Pérez's first involvement with the professional comics industry was as artist Rich Buckler's assistant in 1973, and made his professional debut in Marvel Comics' Astonishing Tales #25 (Aug. 1974) as penciler of an untitled two-page satire of Buckler's character Deathlok, star of that comic's main feature. Soon Pérez became a Marvel regular, penciling a run of "Sons of the Tiger", a serialized action-adventure strip published in Marvel's long-running Deadly Hands of Kung Fu magazine and authored by Bill Mantlo. He and Mantlo co-created the White Tiger (comics' first Puerto Rican superhero) a character that soon appeared in Marvel's color comics, most notably the Spider-Man titles.

Pérez came to prominence with Marvel's superhero-team comic The Avengers, starting with issue #141. In the 1970s, Pérez illustrated several other Marvel titles, including Creatures on the Loose, featuring the Man-Wolf; The Inhumans; and Fantastic Four. Writer Roy Thomas and Pérez crafted a metafictional story for Fantastic Four #176 (Nov. 1976) in which the Impossible Man visited the offices of Marvel Comics and met numerous comics creators.
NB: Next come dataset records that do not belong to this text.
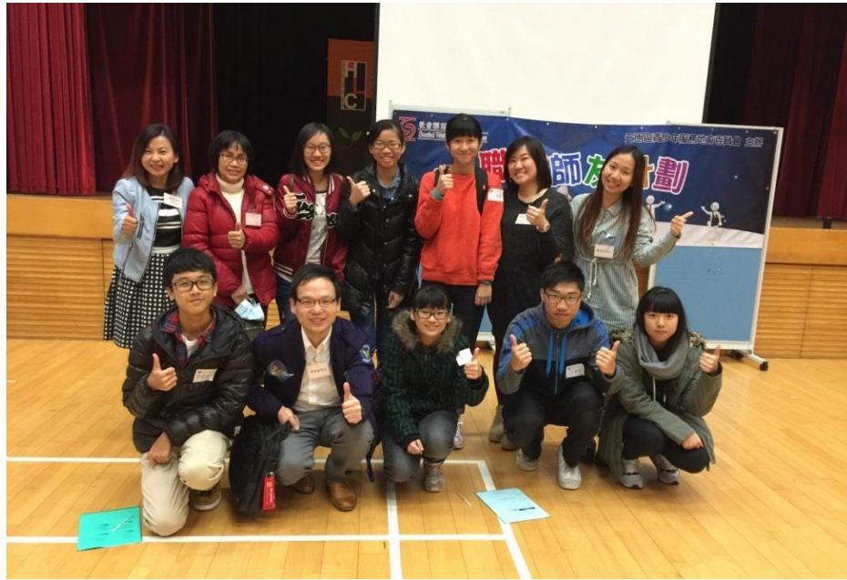
本院牙科服務參與由社會福利署舉辦之「職場師友計劃」， 安排同學到本院牙科診所進行工作體驗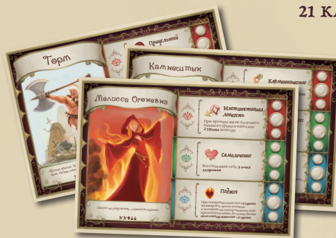
4 ПЛАНШЕТА ГЕРОЕВ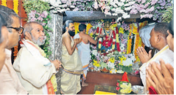
పట్టు వస్తామని సర్దిబి మొక్కుతున్న మంత్రి దామోదర రాజనర్సింహ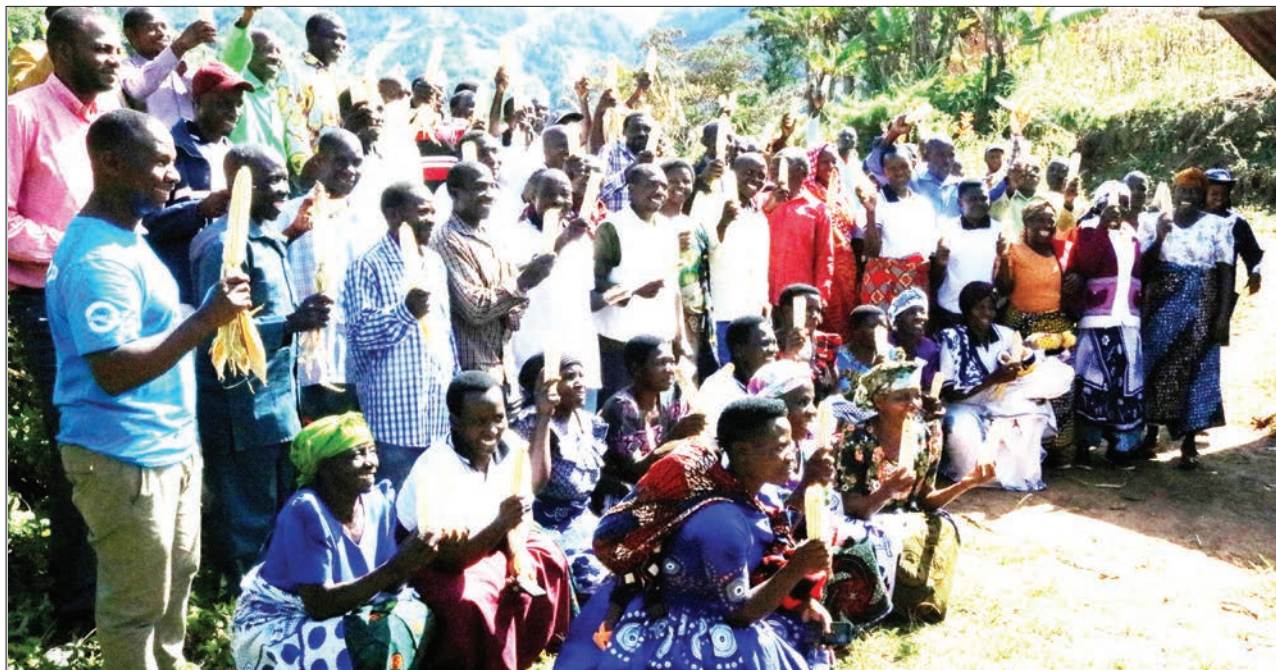
Baadhi ya wakulima wa Kijiji cha Chibila, katika Halmashauri ya Wilaya ya Ileje, mkoani Songwe, wakiwa wamenyanjua mahindi juu wakati walipotembelewa na maofisa wa Taasisi ya HRNS waliowawezesha elimu ya kilimo hifadhi, hivi karibuni.

Ujenzi wa maabara za kisasa na kuboresha miundombinu ya vyumba vya madarasa ni mkakati mwingine ambao unatajwa na halmashauri hiyo katika kuinua kiwango cha ufaulu kwa wanafunzi.

Whilst most of Pérez' Fantastic Four issues were written by Roy Thomas or Len Wein, it would be a Fantastic Four Annual where he would have his first major collaboration with writer Marv Wolfman. Pérez drew the first part of writer Jim Shooter's "The Korvac Saga", which featured nearly every Avenger who joined the team up to that point. Shooter and Pérez introduced the character of Henry Peter Gyrich, the Avengers' liaison to the United States National Security Council in the second chapter of that same storyline. Writer David Michelinie and Pérez created the Taskmaster in The Avengers #195 (May 1980).